Today I’m going out on a limb. As if talking about the fact that we make it all up doesn’t meet enough resistance, I’m going to boldly go where few dare. No, not politics or religion… PARENTING!
It’s interesting to me that there are so many different approaches to ‘parenting’… and how emotionally charged it all can be as we fall into the trap of thinking there is a “right” way to raise our children, implying there is a ‘wrong’ way that we all fear. Seems to me that simple observation easily proves otherwise. We have all heard stories about successful people who survived incredible challenges in their childhood… as well as stories of unusual tragedy despite loving, stable childhoods.
While I have the degree in Child Psychology, that only gives me a bit more trivia about the developmental process than the average person. It’s the experiences, observation and experimenting that comes from raising three sons as a single parent as well as working with young children for 25+ years that compel me to share what I’ve learned… as taught by the children and young adults in my life.

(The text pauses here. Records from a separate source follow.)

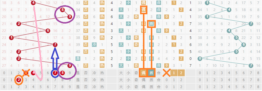 个位上上期我们准确的说出了必开0路号码。但是我们得重点放在了号码36上,对于号码9没有选择考虑。那么本期我们在来说说个位,首先0路号码不会再次出现那么差别号码3我们就不在考虑。其中我们按照奇偶比的走势上可以的出一个结论,本期当中偶质号码特别好,所以号码2还是得重点考虑。所以在本期当中在号码2至9之间供我们选择的就只剩下了478.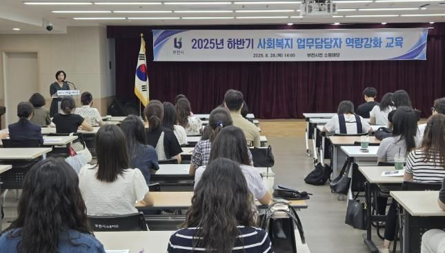 (뉴스폼) 부천시는 지난 28일 시청 소통마당에서 시·구·동 사회복지 업무 담당자 70여 명을 대상으로 ‘2025년 하반기 사회복지 업무담당자 역량강화 교육’을 진행했다.
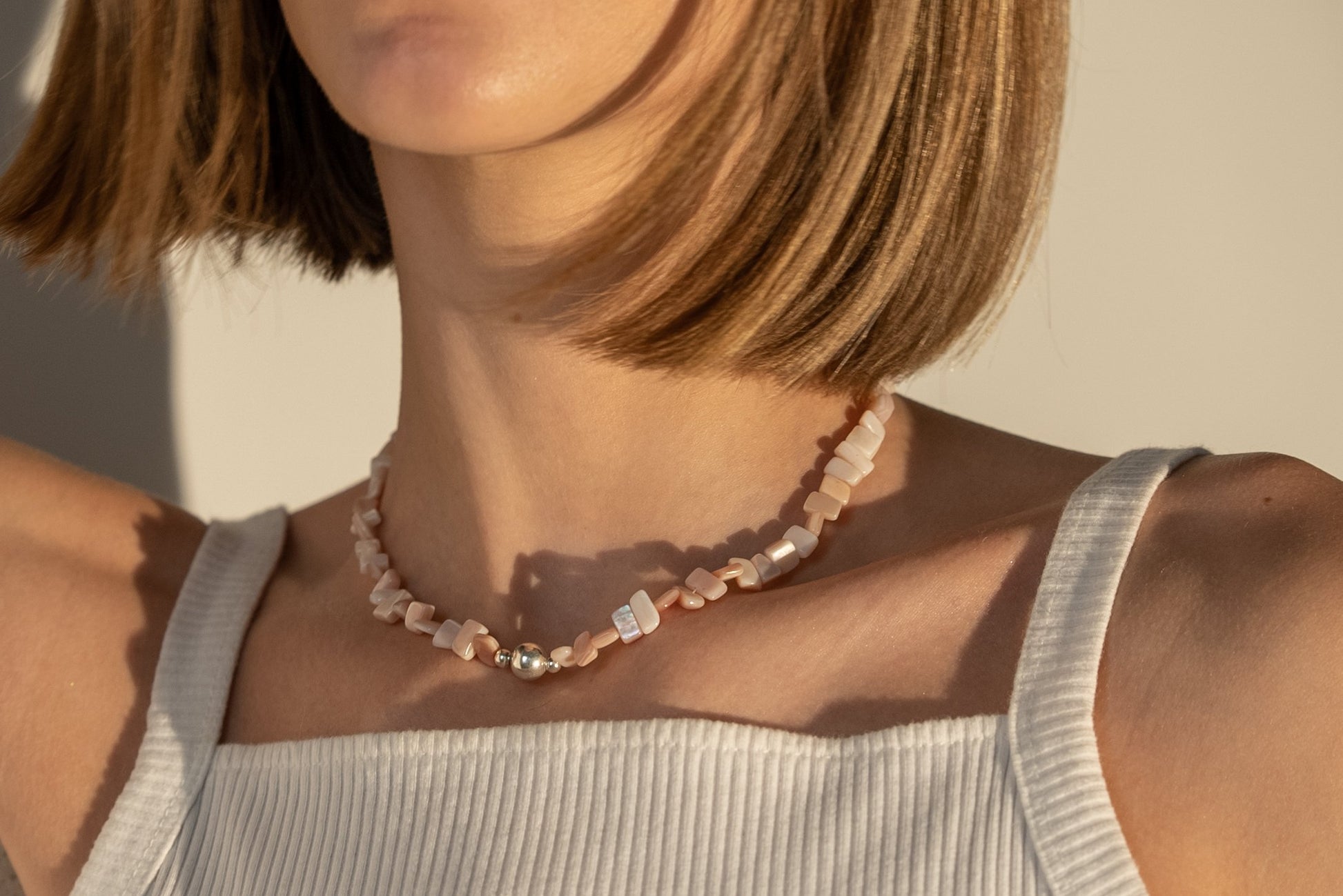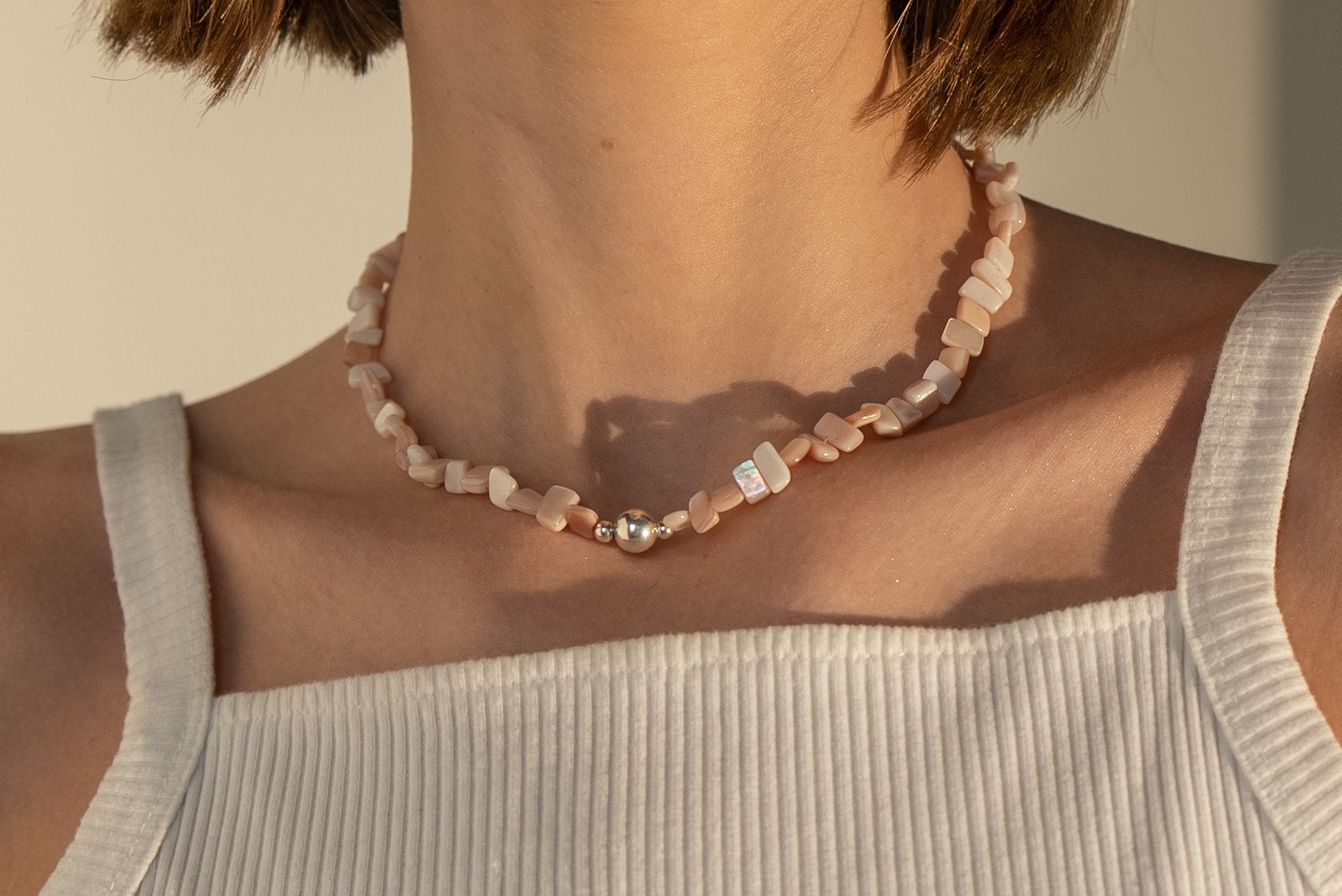 Athena Necklace combines iridescent mother of pearl with sleek silver beads, finished with our signature handmade closures. Its natural shimmer makes it a versatile piece ~ refined enough to wear alone, yet striking when layered with other chains.

I’m aware that I have a bit of an unconventional ‘parenting’ style. I’m not so locked onto it that I feel I have any kind of “right” answers. Truly believing that we grow through conversation… and gain the most when others are willing to share their disagreement, I encourage you to leave a comment. Please, as you read my response to this young moms concern about her four year old, if you find yourself objecting to any of my comments… feel free to leave your own. Because if there’s one thing I do know… it’s that we all have more to learn!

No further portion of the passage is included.